Revenge Is My Middle Name
- After Oscar's death, Junior considers "crawling into a hole and disappearing forever" (3.1).
- His best human friend, a rough and tumble kid named Rowdy, talks him out of it. "It's not like anybody's going to notice if you go away," he says (3.3).
- Rowdy is as tough and mean as a snake. His father is an abusive drunk who hits him. Junior's parents are drunks too, he tells us, but they would never hit him. Rowdy spends a lot of time at Junior's house because it's a safe place.

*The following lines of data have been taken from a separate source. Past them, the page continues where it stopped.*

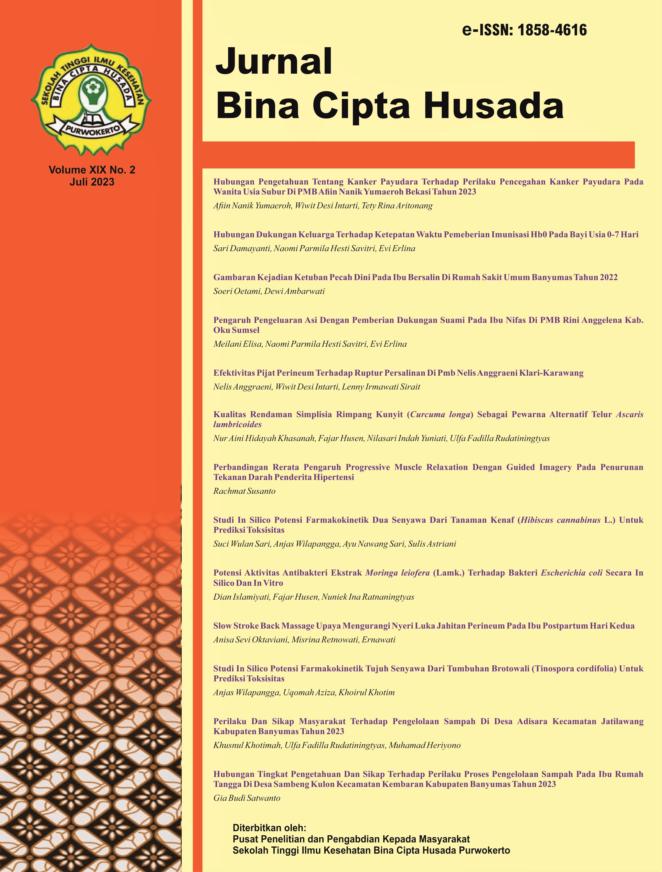 Syukur Alhamdulillah kita panjatkan kehadirat Allah SWT, atas ijin dan ridho-Nya kami dapat menyelesaikan “Jurnal Bina Cipta Husada Volume XXI Nomor 2 Bulan Juli 2025”. Jurnal Bina Cipta Husada juga sudah terindeks pada portal Garuda Kemenristek DIKTI, Directory Research Journal Indexing (DRJI), OneSearch PERPUSNAS Indonesia, Google Scholar, dan CiteFactor: Academic Scientific Journals.
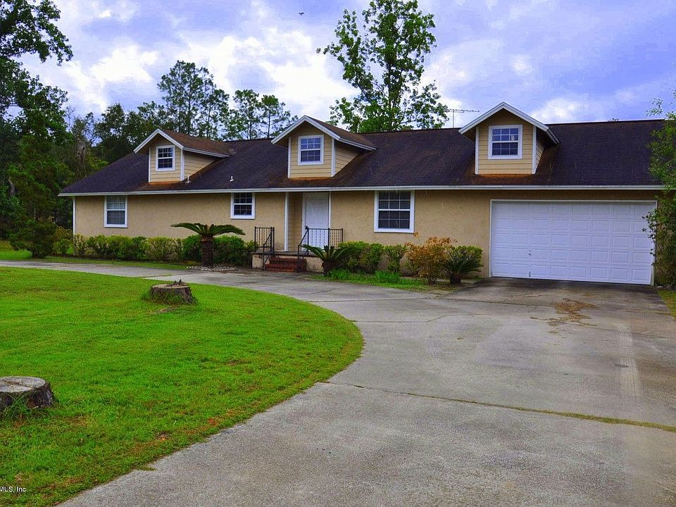 Country charm through out this 4/3 home. House has an updated kitchen, 2 masters, one could be used as a mother-in-law suite. This property also has a huge detached garage 40x50 (approx 2000 sq ft Quonset Hut - Prefab Steel Building), back deck on home and patio, small detached office in back, attached 2 car garage with additional storage. Room in attic in add living space if you wanted to add on. All of this on 2.5 acres. Bring the horses and the toys.
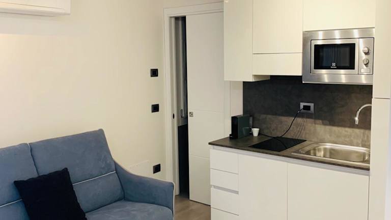 Die Ferienwohnung besteht aus einem Schlafzimmer und einem Wohnzimmer. Zur Ausstattung gehören eine voll ausgestattete Küche mit Kühlschrank und Kaffeemaschine sowie ein Badezimmer mit Bidet und Dusche. Ein Flachbild-TV mit Satellitenkanälen ist ebenfalls vorhanden.
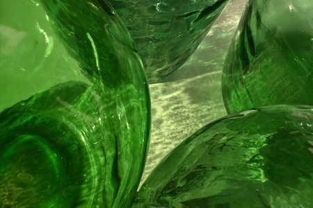 Abstract Detail Green Glass Demijohns Blue Sky. Big Bottles. Reflections and flashes of water drops.
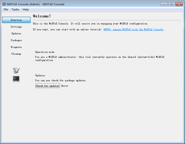 集成包管理 -- 如果需要,MiKTeX的集成包管理器会从Internet安装缺少的组件。例如,LaTeX指令
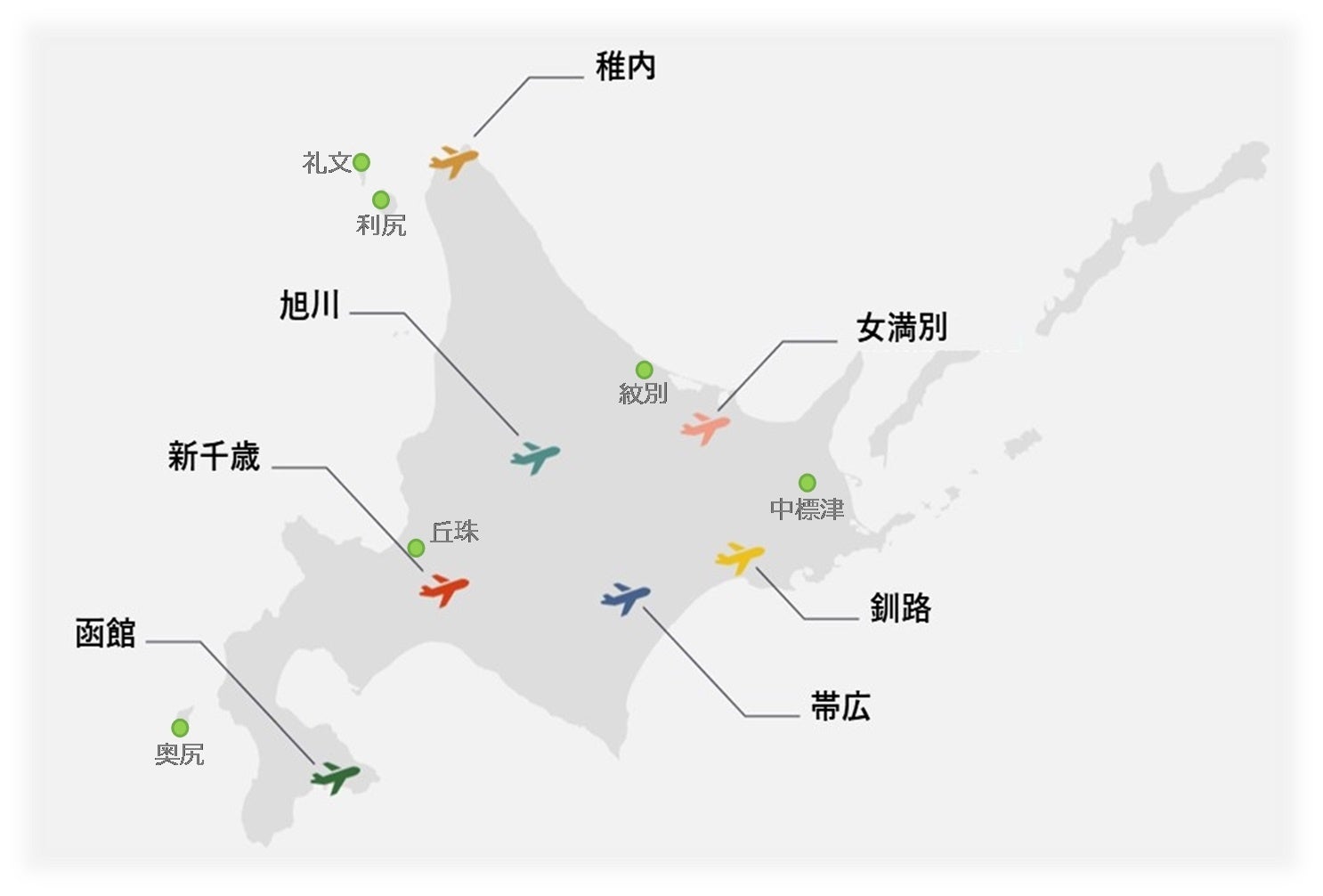 (新千歳:千歳市・苫小牧市、稚内:稚内市、釧路:釧路市・白糠町、函館:函館市、旭川:旭川市・東神楽町、帯広:帯広市、女満別:大空町)
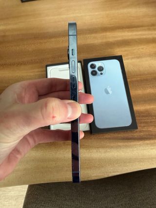 Telefono cellulare iPhone 13 Pro Max con finitura blu e capacità di 256GB. Il telefono è come nuovo, batteria appena cambiata originale - Schermo di alta qualità. - Sistema di tripla fotocamera avanzato. - Design elegante e moderno.

- Rowdy asks Junior if he wants to go down to the powwow, the Spokane Tribe's annual Labor Day weekend celebration. Junior really doesn't want to go. Why? Because, more than likely, he'll get beat up. Junior tends to get picked on quite a bit around the reservation.
- Rowdy, who was "born mad" (3.33) and who has fought everyone who crossed his path since kindergarten, says he'll fight for Junior. So, Junior agrees to go.
- The two boys walk the three miles to the powwow. Junior wants to go see the chicken dancers (fig 3.1), but before that can happen Rowdy trips and jams his shoulder on a minivan. Junior laughs, which is a big, huge, terrible mistake.
- Angry, Rowdy shoves Junior down to the ground. He then throws an empty beer bottle at the minivan, and then, if that weren't enough, he grabs a shovel and beats the vehicle with it. (Temper, temper.)
- Choosing flight over fight, Junior runs away—straight into the camp of a set of very cruel triplets named the Andruss brothers. The three men (who are 30, by the way) start making fun of Junior and shoving him around and eventually knee him "in the balls" (3.96). After that, they just walk away.
- Rowdy finds Junior on the ground and vows revenge against the triplets. He does so later that night when the men are asleep. He sneaks into their camp, shaves off their eyebrows, and cuts their braids. (A huge deal for Indian men.)
- Junior feels guilty that Rowdy took revenge for him, but heck, it all felt pretty good.
- Junior tells us more about Rowdy. Though he might seem like a tough guy, he is super into goofy old comic books like Archie and Casper the Friendly Ghost (fig 3.3). He has a big hearty laugh, and loves Junior's cartoons.
- Junior tells us how close he is with Rowdy, how the two share their fears and dreams, and how Rowdy is probably more important to him than his family.
- According to his calculations, Rowdy and Junior have spent "40,880 hours in each other's company" (3.129). The two are, according to Junior, "inseparable" (3.132).